**Assignment**
Your job is to transcribe all the records that follow, excluding any pictures.

Items listed in a dataset
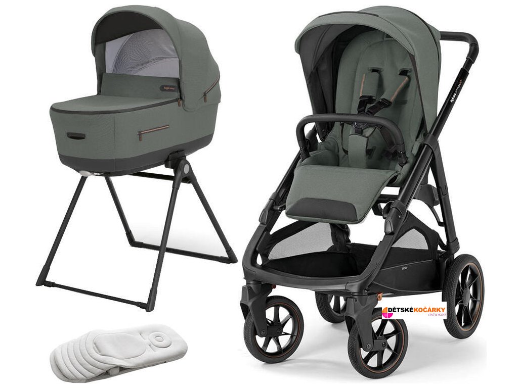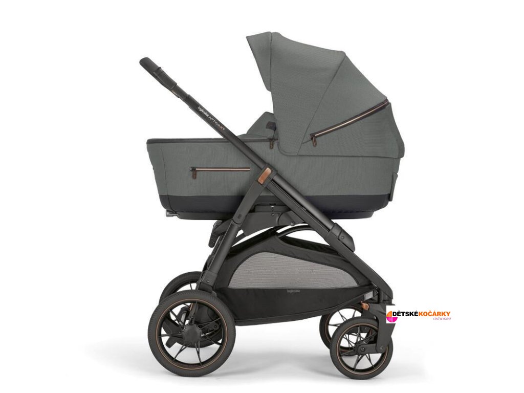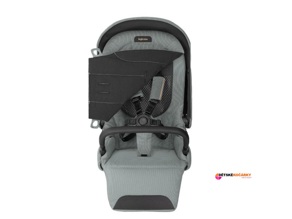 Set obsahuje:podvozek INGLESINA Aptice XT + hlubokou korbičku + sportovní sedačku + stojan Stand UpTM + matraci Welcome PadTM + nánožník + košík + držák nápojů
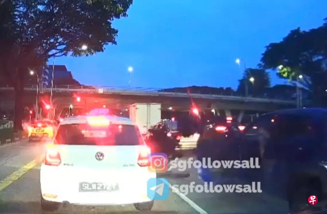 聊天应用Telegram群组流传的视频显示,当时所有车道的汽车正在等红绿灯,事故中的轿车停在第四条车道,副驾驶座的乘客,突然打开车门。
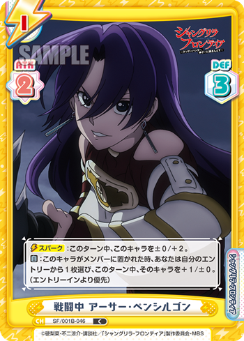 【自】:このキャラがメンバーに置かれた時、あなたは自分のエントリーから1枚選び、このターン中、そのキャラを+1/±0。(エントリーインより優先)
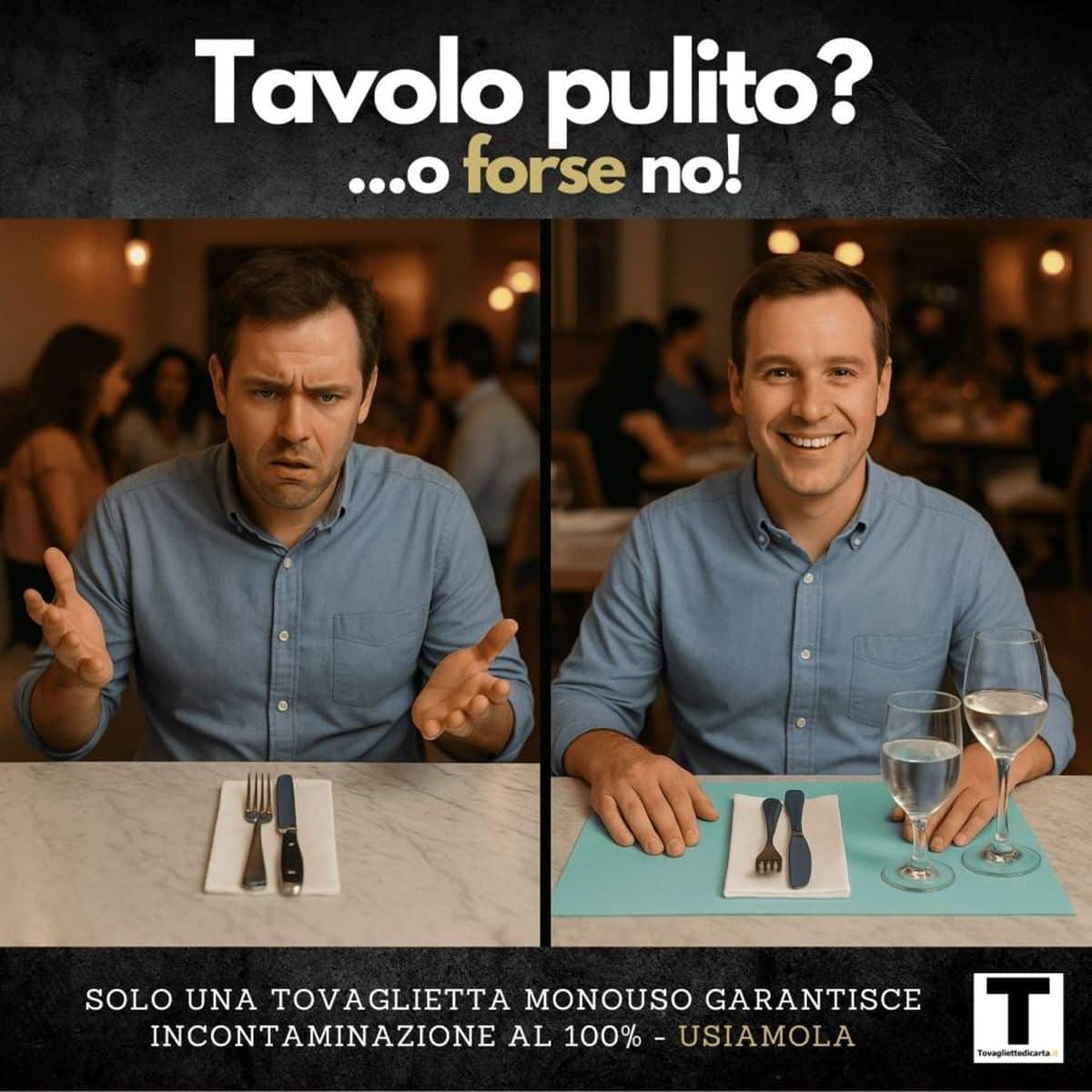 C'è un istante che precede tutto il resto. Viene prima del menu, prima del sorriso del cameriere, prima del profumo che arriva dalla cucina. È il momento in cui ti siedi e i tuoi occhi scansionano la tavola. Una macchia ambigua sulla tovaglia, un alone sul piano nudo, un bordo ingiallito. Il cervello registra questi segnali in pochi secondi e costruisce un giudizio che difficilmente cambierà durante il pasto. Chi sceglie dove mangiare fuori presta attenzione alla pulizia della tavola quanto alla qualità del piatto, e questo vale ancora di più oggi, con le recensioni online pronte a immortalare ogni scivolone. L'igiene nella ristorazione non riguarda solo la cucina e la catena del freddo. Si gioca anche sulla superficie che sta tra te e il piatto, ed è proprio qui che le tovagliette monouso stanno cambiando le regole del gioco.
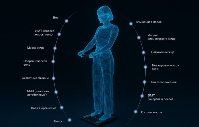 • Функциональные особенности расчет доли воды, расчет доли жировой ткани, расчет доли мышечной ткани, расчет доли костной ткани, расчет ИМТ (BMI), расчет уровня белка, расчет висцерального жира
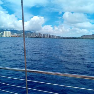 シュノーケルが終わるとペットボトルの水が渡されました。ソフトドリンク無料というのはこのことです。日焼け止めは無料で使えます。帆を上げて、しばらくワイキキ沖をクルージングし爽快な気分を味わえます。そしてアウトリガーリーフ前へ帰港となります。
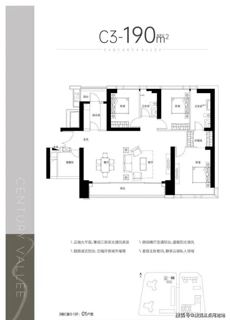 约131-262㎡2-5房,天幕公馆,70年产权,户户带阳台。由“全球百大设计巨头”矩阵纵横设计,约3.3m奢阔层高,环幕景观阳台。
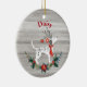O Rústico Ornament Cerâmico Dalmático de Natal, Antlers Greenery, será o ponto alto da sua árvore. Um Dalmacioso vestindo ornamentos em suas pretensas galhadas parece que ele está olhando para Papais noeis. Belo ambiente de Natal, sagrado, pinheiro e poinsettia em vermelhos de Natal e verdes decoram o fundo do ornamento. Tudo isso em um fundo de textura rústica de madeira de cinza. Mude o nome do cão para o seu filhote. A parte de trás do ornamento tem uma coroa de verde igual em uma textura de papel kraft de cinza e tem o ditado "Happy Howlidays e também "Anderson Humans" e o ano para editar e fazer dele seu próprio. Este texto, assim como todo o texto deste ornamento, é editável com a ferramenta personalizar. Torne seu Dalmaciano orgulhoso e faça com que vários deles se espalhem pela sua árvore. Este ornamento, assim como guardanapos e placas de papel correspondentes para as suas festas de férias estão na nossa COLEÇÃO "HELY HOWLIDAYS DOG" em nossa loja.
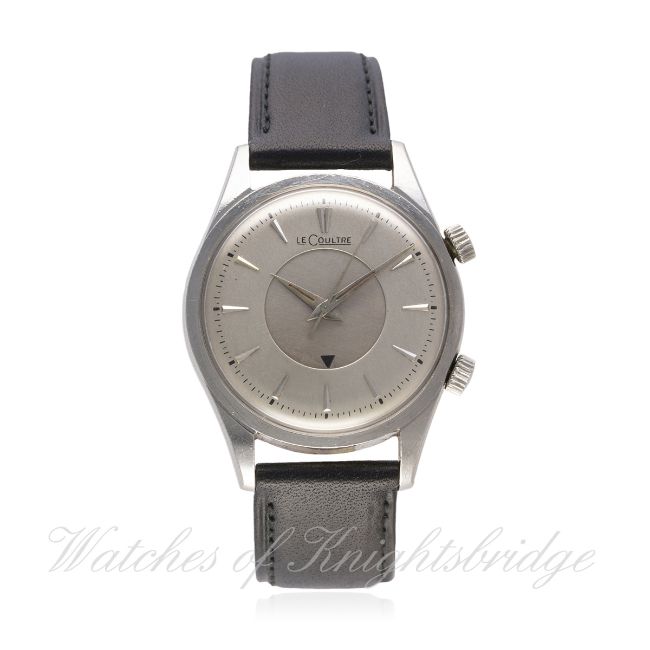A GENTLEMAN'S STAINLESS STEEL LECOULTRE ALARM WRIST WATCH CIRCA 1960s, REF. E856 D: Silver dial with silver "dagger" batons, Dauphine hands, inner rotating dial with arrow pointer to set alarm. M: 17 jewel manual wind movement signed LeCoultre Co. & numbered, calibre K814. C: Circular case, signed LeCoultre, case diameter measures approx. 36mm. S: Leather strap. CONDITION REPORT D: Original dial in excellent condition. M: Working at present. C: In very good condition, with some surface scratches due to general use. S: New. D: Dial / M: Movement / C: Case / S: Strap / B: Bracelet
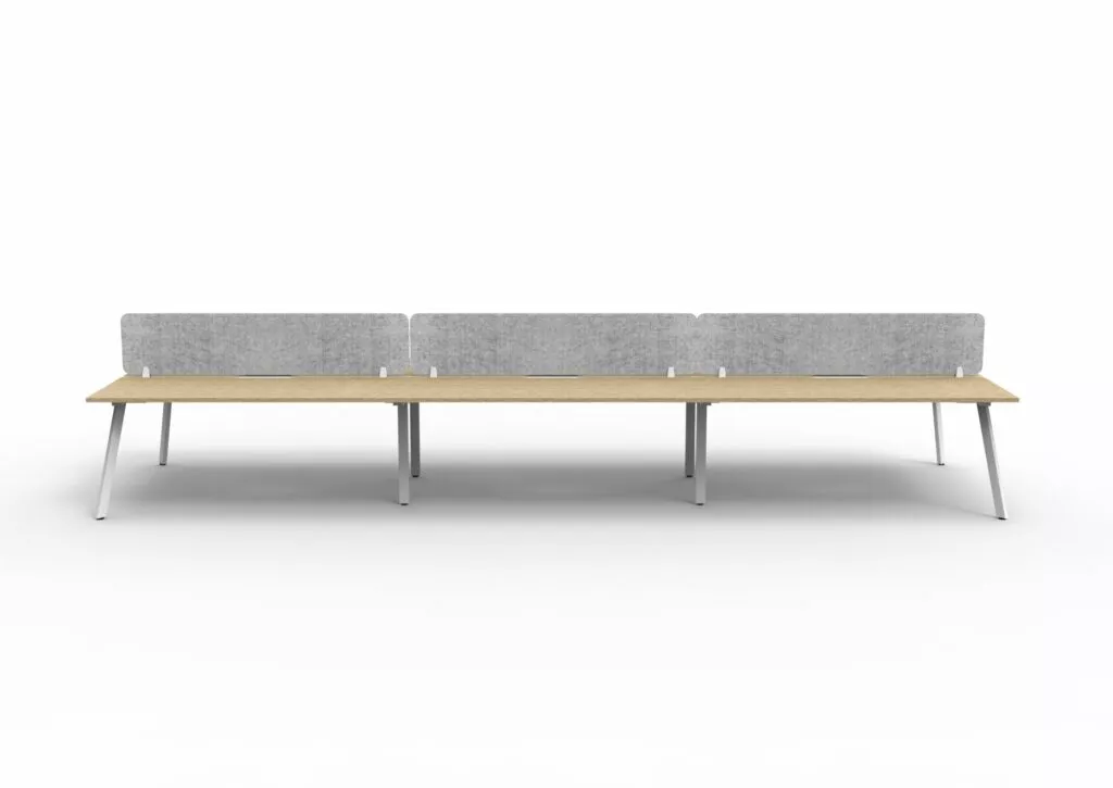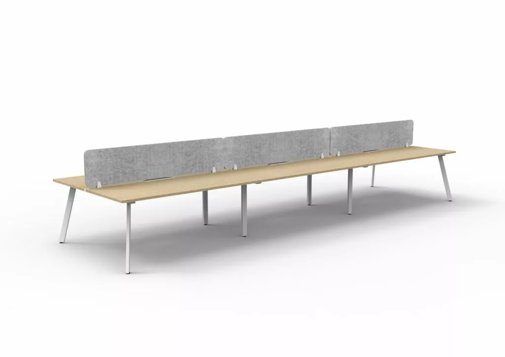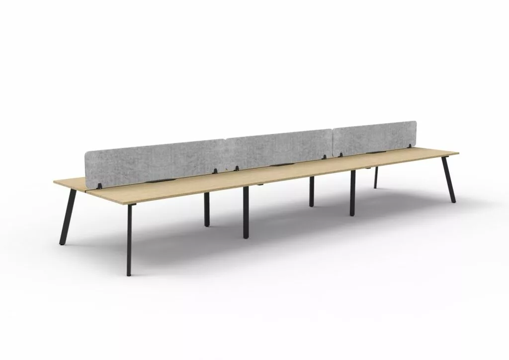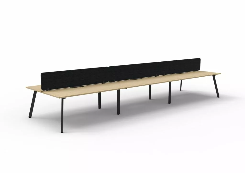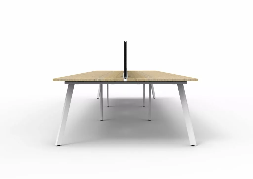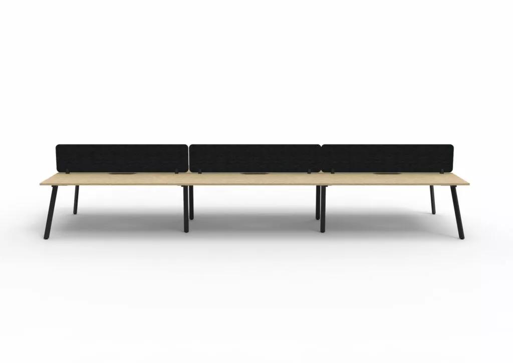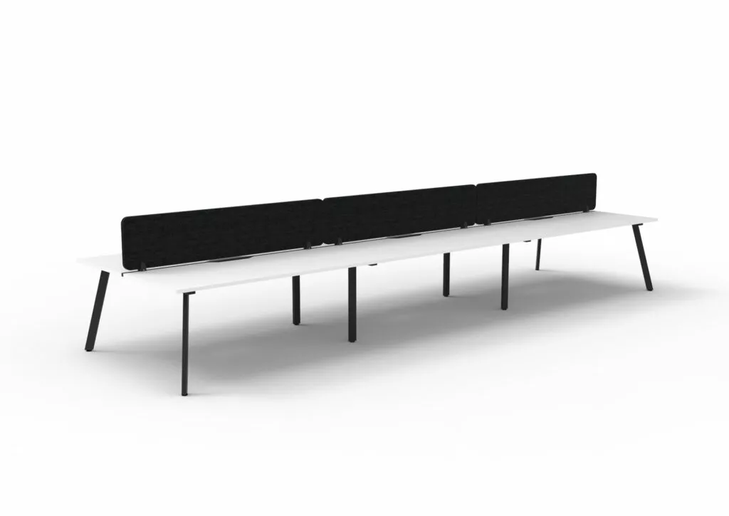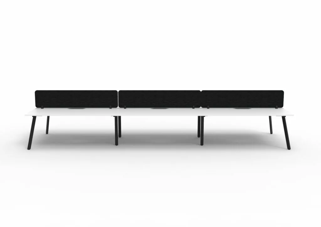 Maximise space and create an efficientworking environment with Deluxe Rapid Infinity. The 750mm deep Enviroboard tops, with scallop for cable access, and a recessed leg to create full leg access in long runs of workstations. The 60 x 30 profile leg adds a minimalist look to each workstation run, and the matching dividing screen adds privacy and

**Your response**
 Set obsahuje:podvozek INGLESINA Aptice XT + hlubokou korbičku + sportovní sedačku + stojan Stand UpTM + matraci Welcome PadTM + nánožník + košík + držák nápojů
 聊天应用Telegram群组流传的视频显示,当时所有车道的汽车正在等红绿灯,事故中的轿车停在第四条车道,副驾驶座的乘客,突然打开车门。
 【自】:このキャラがメンバーに置かれた時、あなたは自分のエントリーから1枚選び、このターン中、そのキャラを+1/±0。(エントリーインより優先)
 C'è un istante che precede tutto il resto. Viene prima del menu, prima del sorriso del cameriere, prima del profumo che arriva dalla cucina. È il momento in cui ti siedi e i tuoi occhi scansionano la tavola. Una macchia ambigua sulla tovaglia, un alone sul piano nudo, un bordo ingiallito. Il cervello registra questi segnali in pochi secondi e costruisce un giudizio che difficilmente cambierà durante il pasto. Chi sceglie dove mangiare fuori presta attenzione alla pulizia della tavola quanto alla qualità del piatto, e questo vale ancora di più oggi, con le recensioni online pronte a immortalare ogni scivolone. L'igiene nella ristorazione non riguarda solo la cucina e la catena del freddo. Si gioca anche sulla superficie che sta tra te e il piatto, ed è proprio qui che le tovagliette monouso stanno cambiando le regole del gioco.
 • Функциональные особенности расчет доли воды, расчет доли жировой ткани, расчет доли мышечной ткани, расчет доли костной ткани, расчет ИМТ (BMI), расчет уровня белка, расчет висцерального жира
 シュノーケルが終わるとペットボトルの水が渡されました。ソフトドリンク無料というのはこのことです。日焼け止めは無料で使えます。帆を上げて、しばらくワイキキ沖をクルージングし爽快な気分を味わえます。そしてアウトリガーリーフ前へ帰港となります。
 约131-262㎡2-5房,天幕公馆,70年产权,户户带阳台。由“全球百大设计巨头”矩阵纵横设计,约3.3m奢阔层高,环幕景观阳台。
O Rústico Ornament Cerâmico Dalmático de Natal, Antlers Greenery, será o ponto alto da sua árvore. Um Dalmacioso vestindo ornamentos em suas pretensas galhadas parece que ele está olhando para Papais noeis. Belo ambiente de Natal, sagrado, pinheiro e poinsettia em vermelhos de Natal e verdes decoram o fundo do ornamento. Tudo isso em um fundo de textura rústica de madeira de cinza. Mude o nome do cão para o seu filhote. A parte de trás do ornamento tem uma coroa de verde igual em uma textura de papel kraft de cinza e tem o ditado "Happy Howlidays e também "Anderson Humans" e o ano para editar e fazer dele seu próprio. Este texto, assim como todo o texto deste ornamento, é editável com a ferramenta personalizar. Torne seu Dalmaciano orgulhoso e faça com que vários deles se espalhem pela sua árvore. Este ornamento, assim como guardanapos e placas de papel correspondentes para as suas festas de férias estão na nossa COLEÇÃO "HELY HOWLIDAYS DOG" em nossa loja.
A GENTLEMAN'S STAINLESS STEEL LECOULTRE ALARM WRIST WATCH CIRCA 1960s, REF. E856 D: Silver dial with silver "dagger" batons, Dauphine hands, inner rotating dial with arrow pointer to set alarm. M: 17 jewel manual wind movement signed LeCoultre Co. & numbered, calibre K814. C: Circular case, signed LeCoultre, case diameter measures approx. 36mm. S: Leather strap. CONDITION REPORT D: Original dial in excellent condition. M: Working at present. C: In very good condition, with some surface scratches due to general use. S: New. D: Dial / M: Movement / C: Case / S: Strap / B: Bracelet
 Maximise space and create an efficientworking environment with Deluxe Rapid Infinity. The 750mm deep Enviroboard tops, with scallop for cable access, and a recessed leg to create full leg access in long runs of workstations. The 60 x 30 profile leg adds a minimalist look to each workstation run, and the matching dividing screen adds privacy and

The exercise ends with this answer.